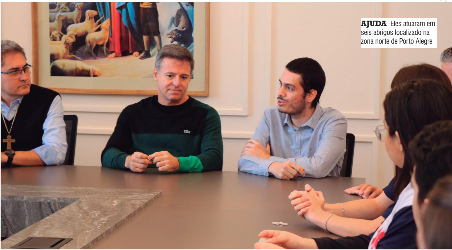
AJUDA Eles atuaram em seis abrigos localizado na zona norte de Porto Alegre
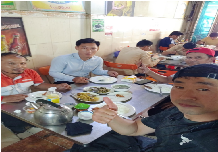
공장 직원들과 함께 한 식사와 교제의 시간들

"សូមព្រះប្រទានព័រ" ސޮބްލެއ៉ាބްލެއ៉ា ប៉េ (주님의 이름으로 축복합니다)
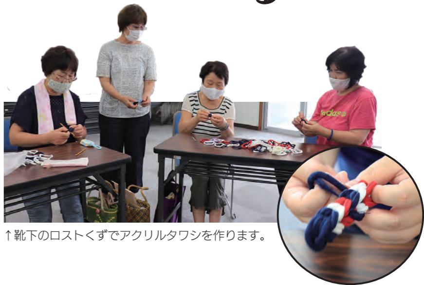
↑靴下のロストくずでアクリルタワシを作ります。
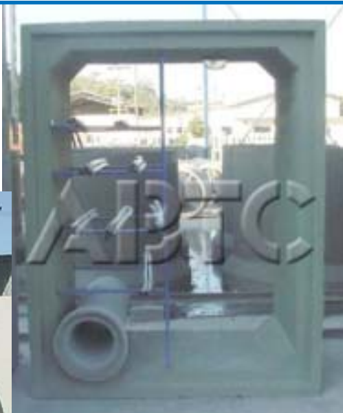
✓ Aduelas de Concreto
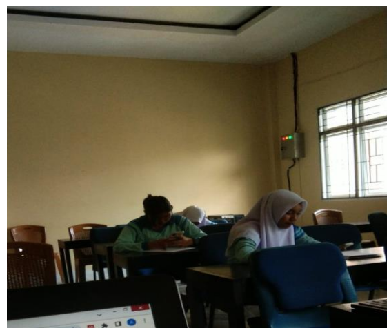
Gambar 2. Kegiatan Praktik Menulis Cerpen
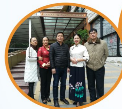
老师到南宁迪拜七星 酒店看望毕业生
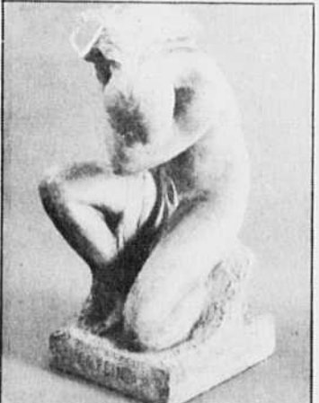
La Peine, d'Alfred Laliberté.

Le défenseur Chris Chelios a subi une arthroscopie qui n'a rien décelé d'anormal mais il ratera à tout le moins la fin de la saison. Page 15
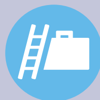
EDV / Beruf
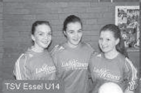
TSV Essel U14
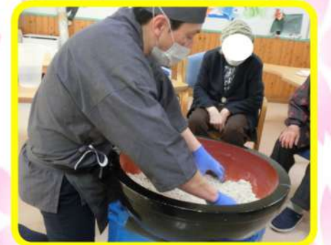
新年そば打ち & 握りずし
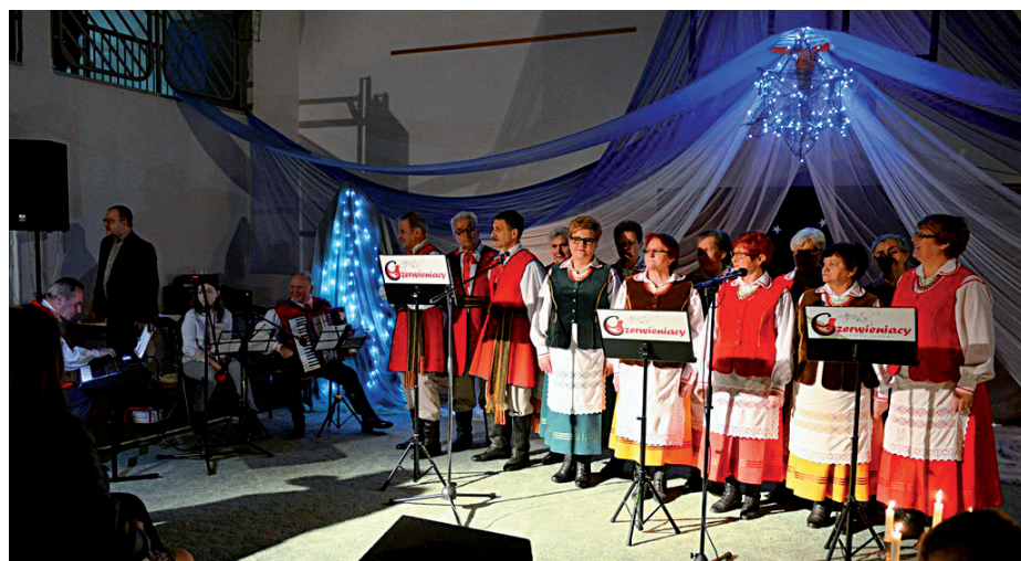
ZESPÓŁ LUDOWY CZERWIENIACY NA EKUMENICZNYM PRZEGLĄDZIE KOLEĐ W BOĆKACH

Zespół Ludowy Czerwieniacy wystąpił w tegorocznej edycji Ekumenicznego Wieczoru Kolęd, który odbywa się w gminie Boćki.
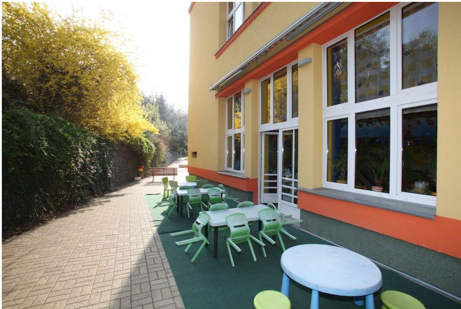
MŠ Sbíhavá – zřízení lesní třídy; navýšení o 15 míst

# # # #

> TASK DIRECTIONS: Could you write out again, exactly, the lines from the line containing "La Peine, d'Alfred Laliberté." through the last line of the records above? Leave out the pictures.

> TASK SOLUTION:
La Peine, d'Alfred Laliberté.

Le défenseur Chris Chelios a subi une arthroscopie qui n'a rien décelé d'anormal mais il ratera à tout le moins la fin de la saison. Page 15
EDV / Beruf
TSV Essel U14
新年そば打ち & 握りずし
ZESPÓŁ LUDOWY CZERWIENIACY NA EKUMENICZNYM PRZEGLĄDZIE KOLEĐ W BOĆKACH

Zespół Ludowy Czerwieniacy wystąpił w tegorocznej edycji Ekumenicznego Wieczoru Kolęd, który odbywa się w gminie Boćki.
MŠ Sbíhavá – zřízení lesní třídy; navýšení o 15 míst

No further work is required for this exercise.